# is the Pro Raptor a good choice to buy???



## Hawkeyejr (Apr 2, 2012)

Im looking to buy a kimber 45 but i dont know which on I should get . My father has a pro carry 2 and he like it a lot, but i want a different modle than his any sugguesting????


----------



## Sgt Riggs (Sep 16, 2010)

I love my Raptor Pro!!


----------



## budrock56 (Feb 2, 2012)

Got a new Pro Raptor II earlier this year. Love it. Great shooting gun. I got the blued one.


----------



## bj99 (Apr 1, 2013)

*Pro Carry CDP*



Hawkeyejr said:


> Im looking to buy a kimber 45 but i dont know which on I should get . My father has a pro carry 2 and he like it a lot, but i want a different modle than his any sugguesting????

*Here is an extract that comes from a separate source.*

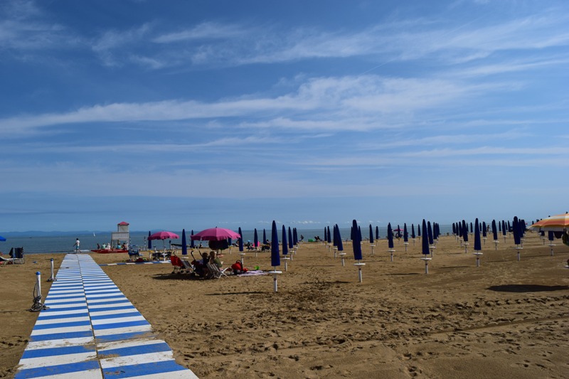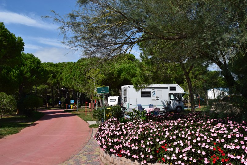 En dus kruip ik weer achter het stuur en moet nu even schakelen. Want de volgende camping had ik nog niet voorbereid. Even later ga ik op pad en via een grotendeels ondergelopen boulevard rijd ik richting Camping Village Pino Mare. Ook in Lignano, maar dan in Lignano Riviera … aan de andere kant van de stad. Even later meld ik bij de receptie, word herkend door de receptioniste en ze geeft aan dat ik wel door kan rijden.

I love my Pro Carry CDP. Very little kick, compared with the Ultra carry, but smaller and more concealable than the 5" Custom. I use an OWB El Paso Leatherworks Sky Six, and it is real comfortable. Each person has individual taste, and you need to try a few out. Good luck!


----------



## shaolin (Dec 31, 2012)

I love my Kimber CDP 2


----------



## Scrappy (Sep 7, 2013)

I chose the Pro Carry II w/night sights. My second choice was the Tactical Pro II but I didnt want the ambi safety. Any Kimber is a good choice


----------